Девятнадцатый параграф напролёт — как пьяная землеройка, карабкайся — с типографским свинцом в груди и жаждой мести — по перевёрнутому дереву причин снизу вверх, от отдалённейших к ближайшим, пока они не сольются, не разбухнут комлем (ну, ещё рывок!) — да, комлем, но, увы, — пня. Где же развесистое дерево последствий? А тут прошлась зубом таинственной бензопилы — безносая; в пройденном ею времени все глаголы, а также существительное правда

и ему подобные имеют сослагательный уклон.

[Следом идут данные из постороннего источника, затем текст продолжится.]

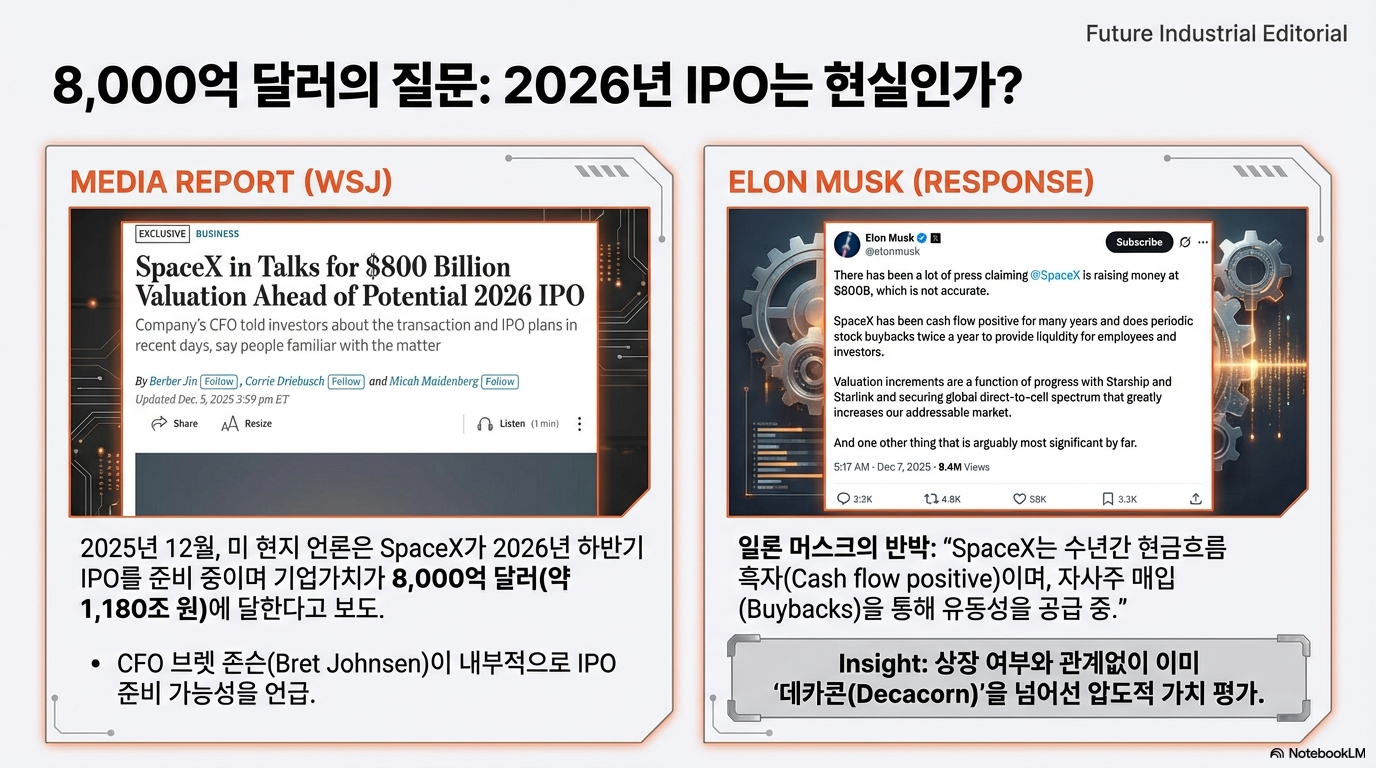 스페이스X는 아직 상장되지 않았음에도 불구하고 이미 천문학적인 기업 가치를 인정받고 있습니다. 2025년 12월, 비상장 주식 거래에서 스페이스X는 약 8,000억 달러(약 1,180조 원)의 기업 가치를 평가받았습니다. 이는 최근 가장 주목받는 AI 기업인 오픈AI(OpenAI)의 가치를 뛰어넘는 금액입니다. 비록 일론 머스크가 당시의 8,000억 달러 펀딩 소문은 정확하지 않다고 선을 그었지만, 이는 시장이 스페이스X의 가치를 얼마나 높게 평가하고 있는지를 보여주는 상징적인 사건이었습니다.

Через три недели после того, как Николай Полевой переселился навсегда в Петербург, 6 ноября 37-го года там состоялось писательское собрание. Посвящённое, как нетрудно догадаться, знаменательной дате: ровно без двенадцати дней 80 лет до штурма Зимнего дворца. Стопроцентная гарантия, что никого из присутствующих не поставят к стенке (ни детей, — разве что который-нибудь, зазевавшись, заживётся на свете), — это ли не повод выпить?

На халяву, за счёт миллионера Жукова, короля махорки. Которого Владиславлев и Воейков уговорили инвестировать сколько надо тысяч в совместное предприятие — новую типографию. Пай Владиславлева — помимо наличных — административный ресурс, пай Воейкова — деньгами вряд ли более тысяч пяти (от Краевского, за аренду «Лит. прибавлений к Русскому инвалиду»), но такое имя — дороже денег, все знаменитости — в друзьях.

Лит. стаж — сорок лет. Создатель «Инвалида». Сочлен «Арзамаса» (ритуальное имя — Дымная Печурка). Был графоман от нечего делать, пока не набрёл на специальность по душе: завистливый хулитель; но бедность — такой дрессировщик, который даже скунса сделает ручным. Покровителю — слюни, всё остальное — всем остальным. Насмешника оклевещет, на конкурента и настучит (см. много выше: Булгарин и Греч — буревестники Декабря), а случайного прохожего отправит в химчистку меткой струёй из-за угла — просто так, от избытка.

И, например, покойного Пушкина эти извержения потешали. (Тем более что Воейков не жалел для него слюней.) Как и все, немножко презирая старика, Пушкин, как и все, бывал у него (на Невском, 64, над советской «Лавкой писателей») по пятницам ближе к вечеру. Как и все, после чая упрашивал почитать новое из «Дома сумасшедших» — или хоть не новое, — не надоело ничуть и никогда не надоест. Поэма, не поэма — экскурсия по жёлтому дому словесности, у каждого пациента — отдельный нумер с койкой и железная цепь. Каждому — шарж (по-моему — убогий) и эпиграмма (по-моему — тупая, но). После каждой полагалось хохотать, — и хохотали. Воейков рассказывал её творческую историю. Как нелегко дался перу тот же Полевой. Несколько лет — не поверите: лет! — ничего не получалось, хоть брось.